Islamic World Heritage Day: ICESCO calls for Precautions to Reopen Museums and Heritage Sites
25 September 2020
The Islamic World Educational, Scientific, and Cultural Organization (ICESCO) is delighted to celebrate the Islamic World Heritage Day and expresses its wishes for this day to be an occasion to consolidate the importance of human heritage in nations’ memories.
The celebration of this day is the culmination of ICESCO’s ardent interest in heritage. The Organization was the one to propose celebrating the Islamic World Heritage Day, which was approved by the 11th Islamic Conference of Culture Ministers, held in Tunis on 17 December 2020.
This day has become an annual opportunity to show the world at large the richness and diversity of the cultural heritage of the Islamic world countries. It is also an opportunity to highlight the remarkable efforts exerted to maintain and preserve this heritage.
The exceptional circumstances of the COVID-19 pandemic forced more than half the world’s population to stay at home and led to the closure of most heritage sites, historic landmarks, and museums for more than six months.
Against this backdrop, ICESCO reiterates its great interest in safeguarding the human cultural heritage, raising awareness of its importance, and sounding the alarm to the risks of its destruction during crises. ICESCO translated this interest into support and assistance to its Member States, and outstanding efforts to publicize, restore, and rehabilitate the Islamic world heritage.
These efforts include launching several initiatives and issuing declarations that aim to safeguard the Islamic world heritage. Chief among these are the initiative to proclaim the year 2019 as the “Islamic World Heritage Year” and “The Islamic Declaration on Safeguarding Human Heritage in the Islamic World”.
Both the initiative and the declaration underlined the importance of integrating the governmental sectors, international and regional organizations, and civil society bodies as a joint front to pool efforts to safeguard the cultural heritage of the Islamic World.
By the end of 2019, ICESCO launched a new strategy that features a more comprehensive and realistic approach to safeguarding heritage in the Islamic world. Concrete outcomes of this new approach consist of the Islamic World Heritage Center’s variety of programs and virtual activities in the field of heritage preservation.
The Center organized several virtual training sessions for professionals working in different heritage fields such as underwater cultural heritage, intangible heritage, and museums. The Center also organized webinars that brought together experts and heritage directors from Member and non-Member States, and representatives of international organizations active in the field of heritage. These activities discussed heritage-related issues and the losses this field endured in light of the current health emergency.

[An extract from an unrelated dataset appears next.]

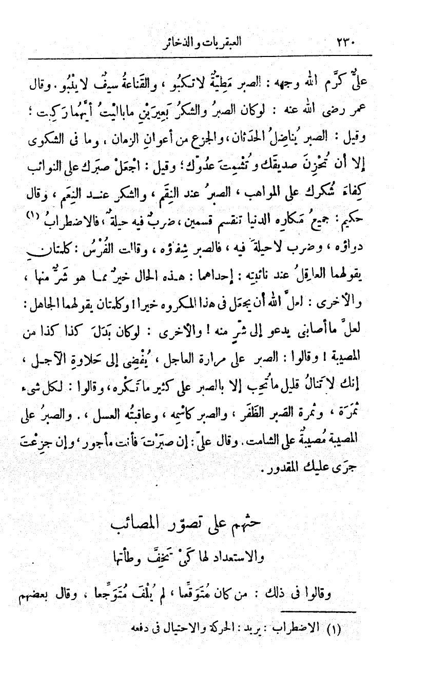والقناعةُ سيفٌ لا ينبو. وقال عمرُ رضي الله عنه: لو كان الصبرُ والشكرُ بعيرين ما باليتُ أيَّهما ركبت؛ وقيل: الصبرُ يُناضِلُ الحدَثان، والجزعُ من أعوانِ الزمان، وما في الشكوى إلا أن تُحْزِنَ صديقَك وتُشْمِتَ عدوَّك؛ وقيل: اجعل صبرَك على النّوائب كِفاءَ شُكْرك على المواهب، الصبرُ عندَ النِّقم، والشكر عند النِّعم، وقال حكيم: جميعُ مكاره الدُّنيا تنقسم قسمين، ضربٌ فيه حيلةٌ، فالاضطراب دواؤه، وضربٌ لا حيلةَ فيه، فالصبر شفاؤه، وقالت الفرس: كلمتان يقولُهما العاقلُ عند نائبته: إحداهما: هذه الحال خيرٌ ممّا هو شرٌّ منها، والأخرى: لعلَّ اللهَ أن يجعلَ في هذا المكروه خيراً! وكلمتان يقولُهما الجاهل: لعلّ ما أصابني يدعو إلى شَرٍّ منه! والأخرى: لو كان بَدلَ كذا كذا من المصيبة! وقالوا: الصبرُ على مرارةِ العاجل، يُفضي إلى حلاوةِ الآجل، إنّك لا تنال قليلَ ما تحبُّ إلا بالصبرِ على كثيرِ ما تَكْره، وقالوا: لكلِّ شيءٍ ثمرةٌ، وثمرةُ الصبر الظفرُ، والصبرُ كاسْمِه، وعاقبتُه العسل، والصبر على المصيبة مصيبةٌ على الشّامت. وقال عليٌّ: إن صبرتَ فأنتَ مأجورٌ، وإن جَزِعْتَ جرى عليك المَقْدور.
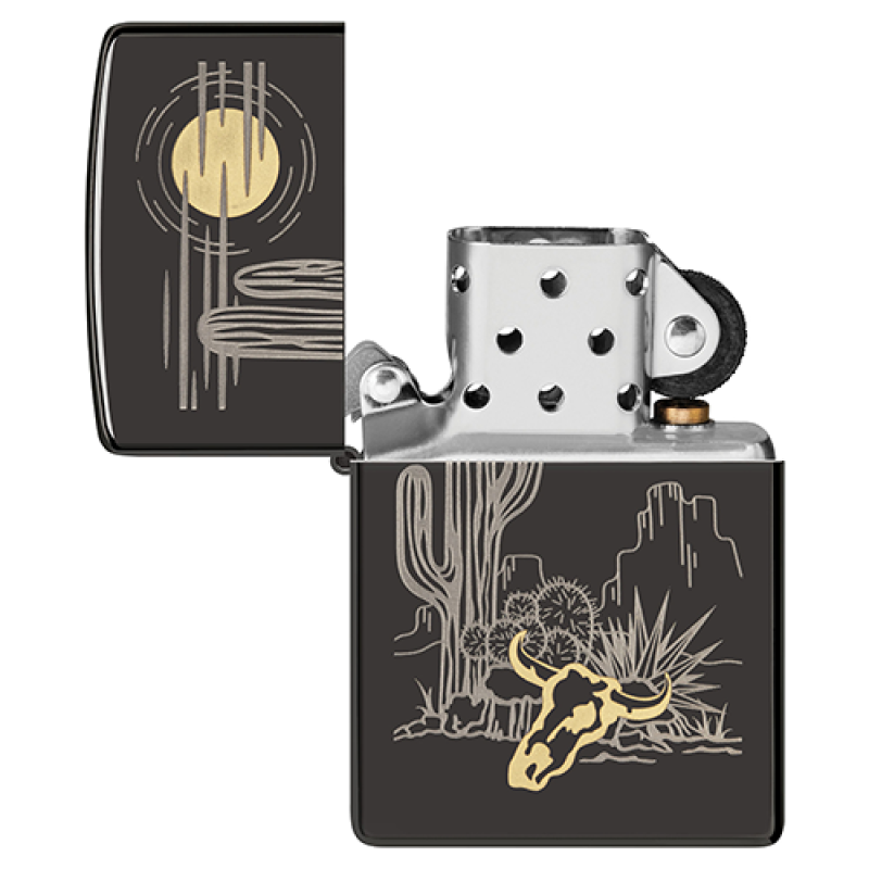 Зажигалка Zippo 48968 Western High Polish Black — это элегантный аксессуар в духе Дикого Запада. Модель из серии Classic выполнена в зеркальном чёрном покрытии High Polish Black. На поверхность нанесён минималистичный двухцветный дизайн с искусной лазерной гравировкой, изображающий пустынный пейзаж в тонких латунных тонах. Зажигалка обладает фирменной ветроустойчивой конструкцией, узнаваемым щелчком и прочным металлическим корпусом, обеспечивающим надёжность в любых условиях. Благодаря системе многократной заправки, эта зажигалка станет вашим долговечным спутником. Для оптимальной работы рекомендуется использовать только оригинальные кремни, фитили и высококачественное топливо Zippo.

The organization of the International Virtual Conference on Countering Illicit Trafficking of Cultural Property” culminated ICESCO’s heritage efforts.
In light of the current serious and extraordinary circumstances, ICESCO calls on world countries, international and regional organizations, government institutions, and competent parties in charge of heritage to exert more efforts to promote tangible and intangible cultural heritage.
The Organization also urges them to sustain their roles, even after the current crisis, to publicize and maintain this heritage. Stakeholders must employ virtual exhibition mechanisms and AI applications to safeguard heritage and highlight its richness and diversity. They must also take the necessary precautions to reopen heritage sites and raise peoples’ awareness of their significance.
Our heritage is our identity. Let us join efforts to safeguard it.